PF#55: Inflation and Interest Rates

For my weekly assignment, I was asked to talk about a government regulation that affects interest rates. Inflation is not really a “regulation” but it is something that the government does that affects interest rates; hence I have elected to write about it here.

Inflation is essentially the addition of new money into an already-existing currency, like the printing of new money, or when gold is turned into new coins. Inflation occurs over long periods of time, but (at least right now) is steadily happening, and shows no sign of stopping. Inflation is the devaluation of the dollar. New money, when printed, wasn’t worked for. It is just added into circulation. Here is an example which is much easier to understand: If there are one hundred coins of the exact same value on the entire planet, then each of those coins is going to be worth more than if there were one-thousand of those same coins. When new money is printed, money becomes less rare, and therefore, less valuable. What is the result of this? It costs more money to purchase the same amount of goods. If we were to time travel back in time to 1950 with a modern dollar, we would be able to buy about $12.50 worth of goods because of inflation.

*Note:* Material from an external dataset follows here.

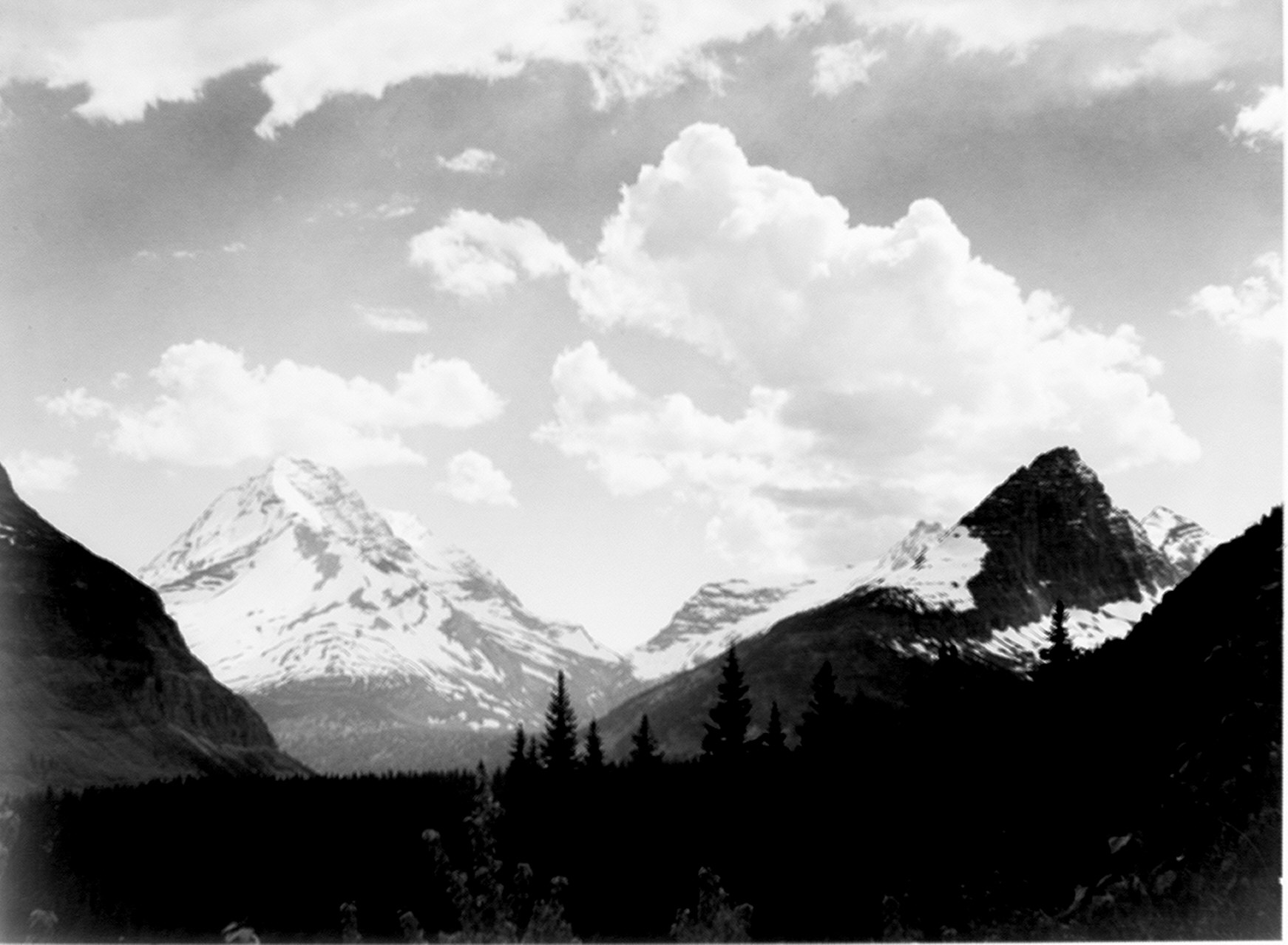 | 519857 | 79-AAE-2 | " In Glacier National Park," valley, snow covered mountains in background. |

Now that we understand what inflation is, I can tell you about how it affects interest rates. Inflation means that your money looses value over time. If someone put $12.50 in a time capsule in 1950 and someone in 2023 dug it up, that money would have lost a lot of purchasing power, and so essentially that person lost money. It works the same way with loans. If a bank lends someone $30,000 today, and the term is 30 years, that $30,000 will have less purchasing power than if they used it today. This means that banks lose money. The way that they fix this problem is by increasing the interest rate so that it keeps up with inflation. They will end up with more money than they started with at the end of the loan’s term, and, if the rate was high enough, they actually gained money instead of losing it.

That pretty much sums up how inflation affects interest rates. It means that in order to keep banks from losing money, they have to charge more interest on the loan. That is one way that the government affects interest rates.